I have to say that the weekend has been a series of ups and downs. First, thanks to everyone who made this year so much more pleasurable than last year’s frantic submissions. As a whole people got the apps in early and kept me aware of their situation. We made the standards harder, thus keeping the field more manageable and it looked like we would have an ideal 20ish woman field. Unfortunately, many women scratched (thanks thou, just about everyone let me know in the advance). With the field dwindled, one would think we would do our job properly. Sadly, the official lap counter didn’t listen to our skilled race walking volunteers and three junior boys were told to finish a lap too soon. While it’s our fault, athlete should learn to know their count and if they think the officials are wrong, do not stop.
Worst case is that the athlete walks an extra lap. To make matters worse, this race is ideally a qualifier for the junior nationals and when you do not finish it doesn’t count. I feel horrible about the situation and am posting is so that others may learn that sometimes this happens. I think in the 18 years I have been in charge, we messed only one other walker’s lap count. Of course, one is too many. So Dan Serianni, Josh Haertel, and John Randall, except my sincere apologies. You all walked a courageous race and deserved to have a finishing time.

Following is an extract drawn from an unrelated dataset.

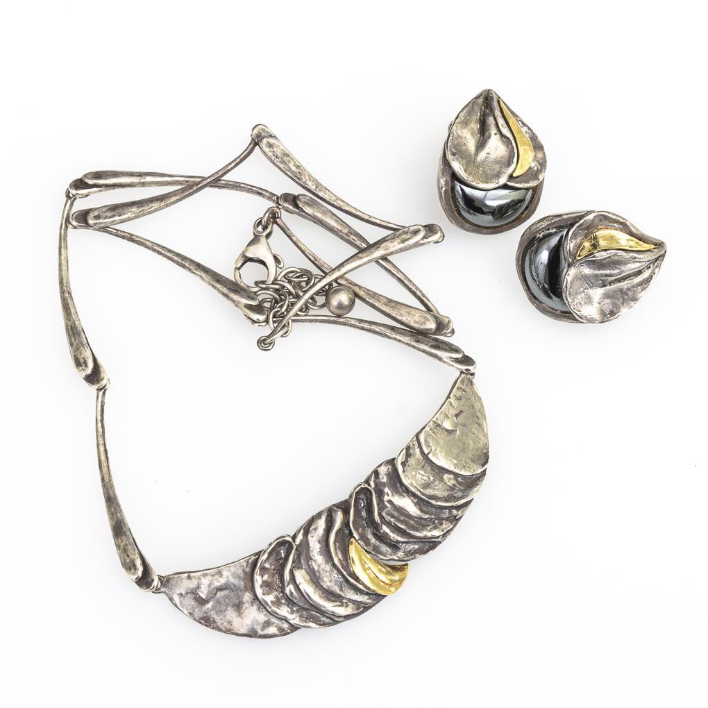 Silber 925 gestempelt. Gelbgold 585 geprüft. Collier L 44-48 cm. Ohrklipp 2 x 2,5 cm. 47,6 g.
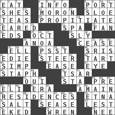 ACROSS 1. Consume 4. Information 8. Sweet dark-red dessert wine 12. "______ My Girl" (Turtles hit) 14. Person of subnormal intelligence 16. A type of plum 17. Beverages made from leaves 18. Conciliate 20. Having ears or earlike features 22. Health resort 23. Avid follower 24. Begley and Asner 25. Sep. follower 28. Wily 30. Small Philippine buffalo 31. Stop 35. Pipe bend 37. Inconspicuous attention getter 40. Indian titles of respect 41. Singer Brickell 42. Guide 44. Small pie 45. Simple or foolish person 46. Comfort 47. Sight organ 48. Staphylococcus 50. Russian ruler of old 52. Fr. "Yes" 54. R.R. building 55. Before (prefix) 58. Connecticut Ivy Leaguer 61. Period 63. At full speed 65. Homes 70. Inactive volcano in Sicily 71. Table seasoning 72. Gospel singer Marvin 73. For fear that 74. Supplemented with great effort 75. Songbird 76. Born DOWN 1. First name in cosmetics 2. At or in the front 3. Lacerates 4. Mischievous child 5. Not either 6. Back 7. I made a mistake 8. Air pressure measure (abbr.) 9. Norwegian king 10. Round or rotation of duties 11. Adolescent 13. Compass dir. 15. Pinches, bites 19. Baby powder 21. Spanish title 26. 911 reaches them 27. Clothes sense 29. Last 30. City in Syria 32. Like ___ of sunshine 33. Title for a man of rank and authority 34. Eastern Standard Time (abbr.) 35. Prepare for publication 36. Pale green bean 38. Ocean 39. Trials 41. Curvy letter 43. State of inaction 49. Became colored 51. Auto club (abbr.) 53. Angers 55. Eucharist need 56. Remove soap 57. Maternal 58. Celtic language 59. Path through which fluid escapes 60. Small island 62. Afresh 64. Cartoonist voice _ Blanc 66. It would 67. Auto 68. Compass dir. 69. Elected rep.

That said, on to the festivities. As always we hosted quite a group of athletes the night before the race. Here's a peak into what it's like the day before.

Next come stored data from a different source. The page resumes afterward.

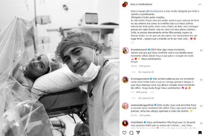 “Meus sentimentos! Muita força Lexa. Eu também perdi meu primeiro bebê quando eu estava de 5 meses. Mas Deus sabe de todas as coisas. Já, já você estar novamente grávida e terá muitas bençãos maravilhosas na sua vida. Fique bem”, expressou Ticiane Pinheiro. “Força Lexa e família. Não consigo imaginar o tamanho da dor de vocês. Meus sentimentos Deus sabe de todas as coisas, confia nele”, declarou Virginia Fonseca.
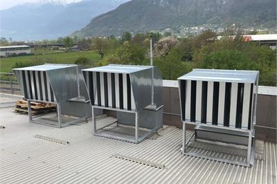 The material from which the silencers are made is not hygroscopic, does not encourage the development and formation of spores or bacteria, and is not subject to corrosion by atmospheric agents. The baffles are inserted in a structure made of galvanised sheet steel, of adequate thickness, with appropriate reinforcements that guarantee perfect solidity to allow use even in the most severe conditions. Flanges are provided at the ends for connection to the ducting. The baffle silencers are available in many standard sizes, on request they are constructed with customer-specific dimensions and characteristics.
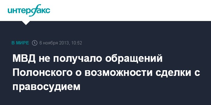 МВД не получало обращений Полонского о возможности сделки с правосудием
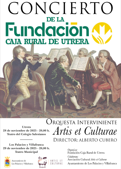 La Sala de Juntas del Ayuntamiento de Los Palacios y Villafranca ha acogido esta mañana la presentación del cartel anunciador del concierto que ofrecerá la Orquesta “Artis et Culturae”, bajo la dirección de Alberto Cubero, el próximo sábado 29 de noviembre, a las 20:00 horas, en el Teatro Municipal Pedro Pérez Fernández.
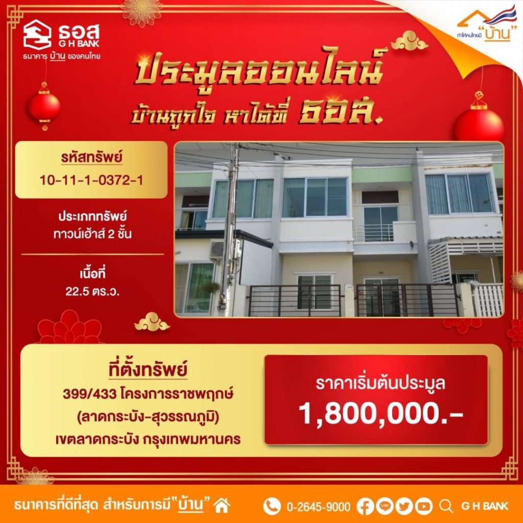 กรุงเทพฯ 9 ก.พ. – ธนาคารอาคารสงเคราะห์ ร่วมฉลองเทศกาลตรุษจีน คัดบ้านมือสอง สภาพดี คุ้มราคา ทั่วประเทศรวม 999 รายการ มาเปิดประมูลออนไลน์ประจำเดือนกุมภาพันธ์ 2564 ผ่าน Application : G H Bank Smart NPA ลดสูงสุดถึง 40% จากราคาปกติ ราคาเริ่มต้นประมูลต่ำสุดเพียง45,000 บาทเท่านั้น พิเศษ!! มอบ อั่งเปาส่วนลดเพิ่มอีก 10% จากราคาที่ปิดประมูลหากทำสัญญาและทำนิติกรรมภายใน 30 เมษายน 2564 พร้อมโปรโมชั่นผ่อนดาวน์หรือสินเชื่ออัตราดอกเบี้ย 0% เริ่มประมูลพร้อมกันวันตรุษจีน 11 กุมภาพันธ์ 2564 ระหว่างเวลา 12.00 -13.00 น.
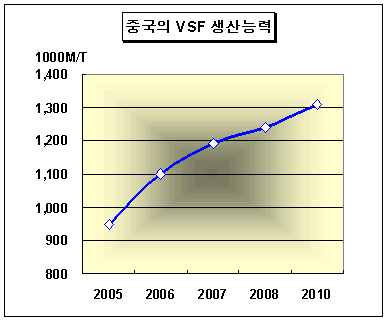 중소기업 통폐합과 생산능력 합리화에 의한 구조조정도 이어지고 있는데 2003-05년 13만4600톤의 생산능력이 감소했고 2010년 이전까지 15만-20만톤의 생산능력 상실이 예상되고 있다. 표, 그래프: | 중국 VSF 생산능력 | <화학저널 2006/09/27> |
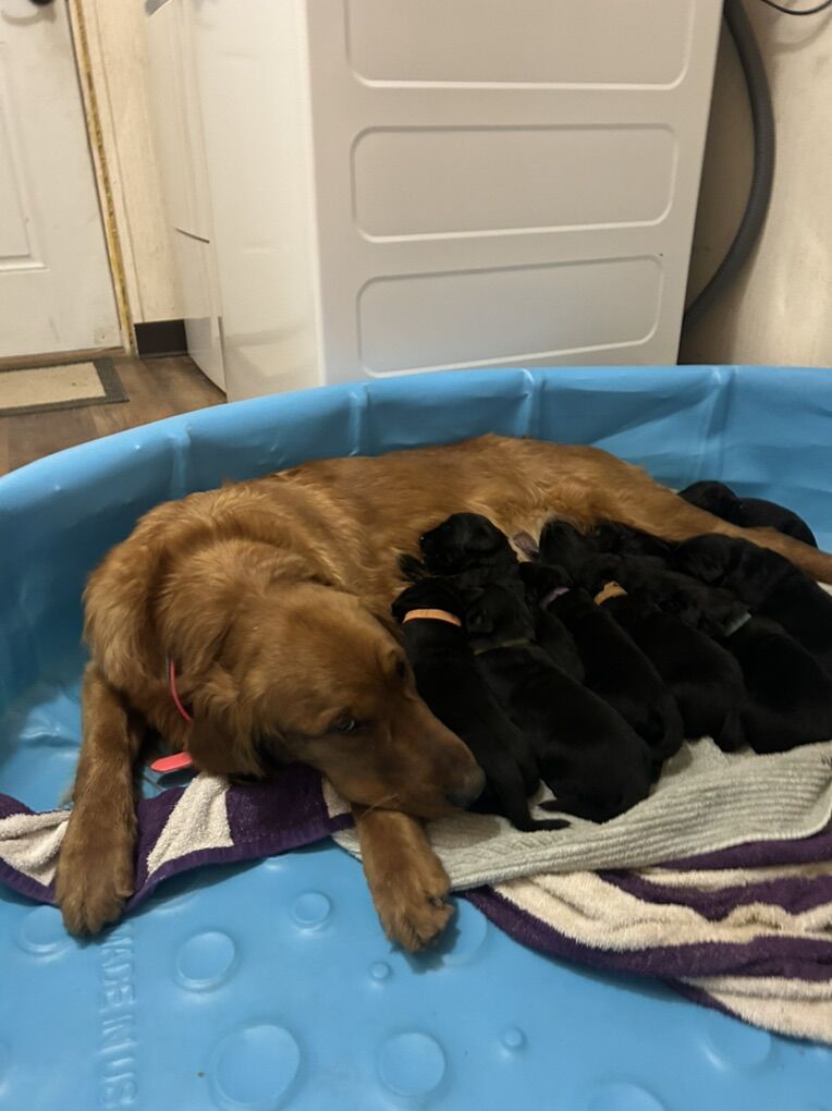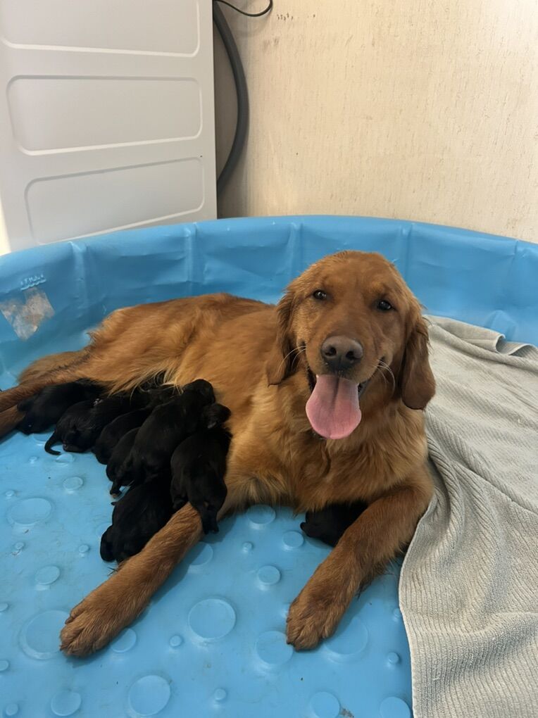 Mom is a golden retriever and dad is a Labrador. (pics of both parents included in the post)

It's rare that there isn't a project in process at Camp Salvage during the relays. This years project was splitting the massive amount of wood we've piled up since putting our solar array on the house. Tom, Bob, and company wouldn't here of just relaxing. Instead they split the hardest logs the old fashioned way, while South Texas Race Walking Coach/Promoter extroadinaire manned the electric wood splitter.

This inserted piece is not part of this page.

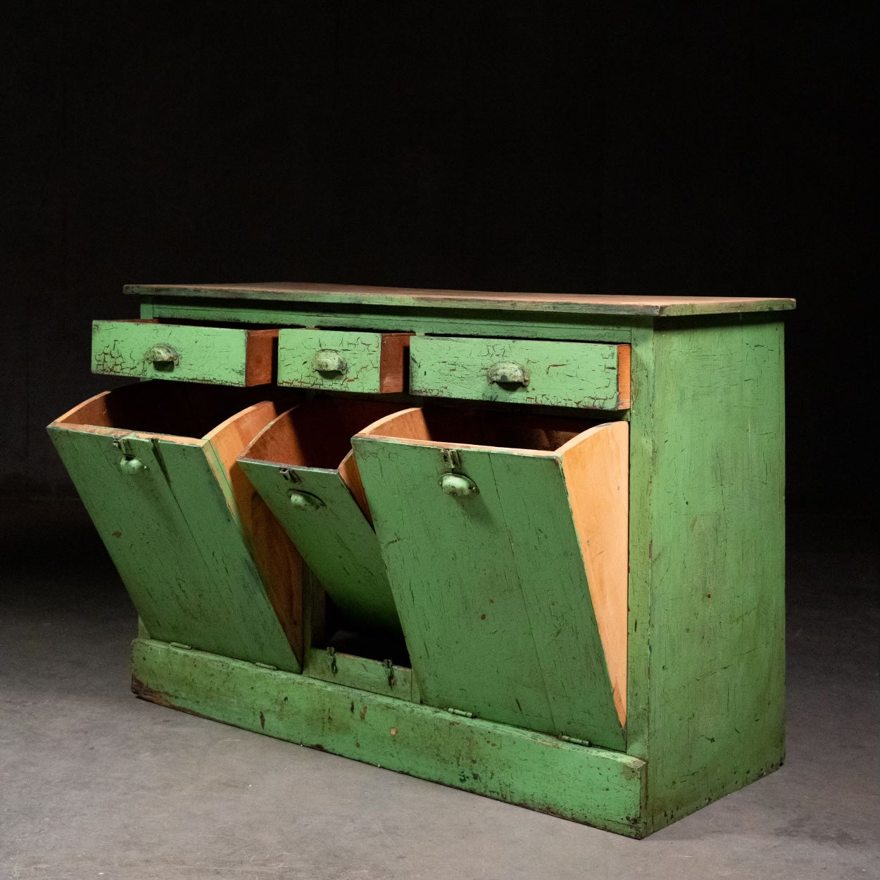 A simple cabinet , local to BC in perfect old paint with three bins and working drawers .. built in the first quarter of the 20th century this piece retains all components and is all original . Working sideboard.

What comes from Maine other than great race walkers? Why tasty bright red lobsters that were generously lugged down from Maine. There really is no substitue for a Maine Lobster. The long drive didn't seem to do them any harm as they were quite lively upon reaching Medford, NJ. We boiled them up, thus having proper pre-race nutrition. That is at least if you aren't racing.
The gang feasting on Tom's wonderful pasta dinner.